Indigo has already raised its hand, albeit with a caveat. Indigo and Air India have been in a bitter battle over fares and other issues and there is severe rivalry among the staff on the ground. Insider sources say the last thing Air India needs at this point is Indigo officials or bankers going through its books. An Air India spokesperson refused to participate in this story or comment on privatisation. Then there is so much disconnect between the lean and low-cost, single aircraft operations of Indigo and Air India’s configuration that the Indigo stock tanked 6% on June 30, after it announced its interest. Indigo promoters did an analyst call on Thursday to allay fears.
Khemani of Edelweiss says: “I don’t think it is about foreign or domestic players. It is about the commitment to run a large operation of this scale and financial muscle to deal with short-term issues. There are several domestic players who have both and will be interested in taking up the challenge.” To buy Air India with all its operations, a global player ideally must also be a member of Star Alliance. For an Indian operator, it can be a bigger challenge. “Maybe Mittal, maybe Reliance,” says Garg of Equirus.
Flag Carriers & their Routes to Privatisation
Privatisation of the national flag carriers can take many routes, starting from public issues of shares to induction of strategic partners. And they can go horribly wrong. Andrea Giurcin, a transport expert at Milan’s Bicocca University, has written a book, The Endless Privatisation of Alitalia, about the process that started in the ’90s and is yet to settle down. Alitalia filed for bankruptcy protection in the US in June.
British Airways (BA) was privatised through a share offering in 1987. Once seen as a successful endeavour, the company is again seen as a laggard, when compared with more nimble-footed competitors. Lufthansa, though listed since the 1960s was privatised in 1994, with shares being widely held. Japan Airlines was also privatised in a similar manner in 1987 and later merged with Japan Air Systems, making it the sixth largest in the world. Companies like BA and German Lufthansa have also participated in the privatisation of other flag carriers, joining them as strategic partners.

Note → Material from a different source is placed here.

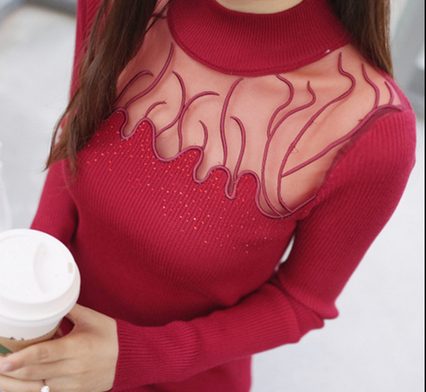 2015秋冬季新款蕾絲長袖套頭修身顯瘦針織衫半高領(lǐng)打底衫女 /
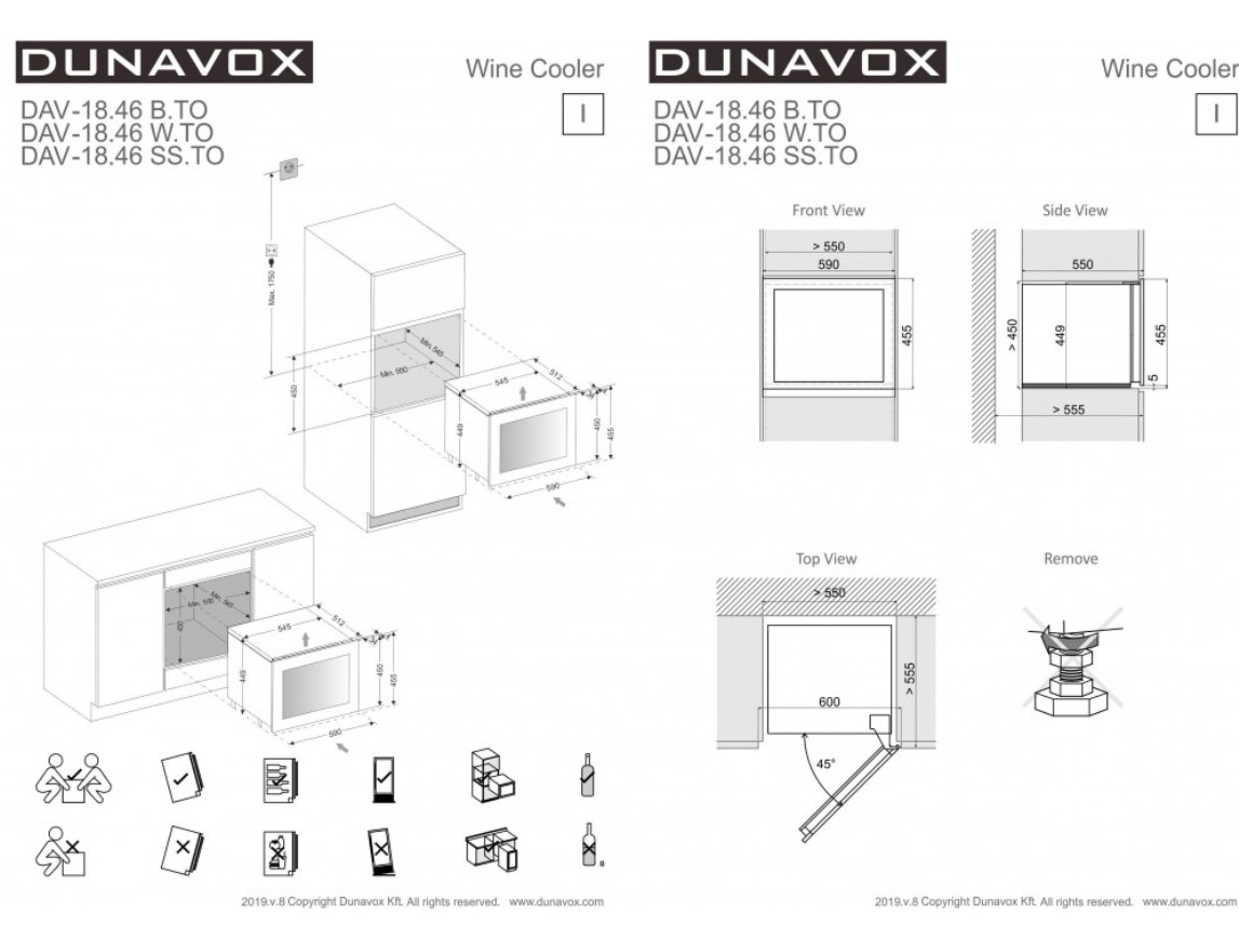 Dunavox DAV-18.46SS.TO - схема с размерами к винному шкафу на разных языках на Hausdorf

BA, for example had an 18% stake in the Australian airline Qantas, which it then sold off in the ’90s. Late last year Lufthansa took over Brussels Airlines, the Belgian flag carrier. It also took over Austrian Airlines in 2009. Flag carriers of France and the Netherlands, Air France and the KLM Royal Dutch Airlines, merged in 2004, effectively privatising Air France. Today the French government owns less than 20% of the airline. Nearer home, Air Sri Lanka saw a divestment of 40% stake to Dubai based Emirates back in 1998. The partnership ended in 2008 and the Emirates-appointed CEO was sacked, as the government took over full control of the airline. However, in the next few years the profitable venture ran up huge losses.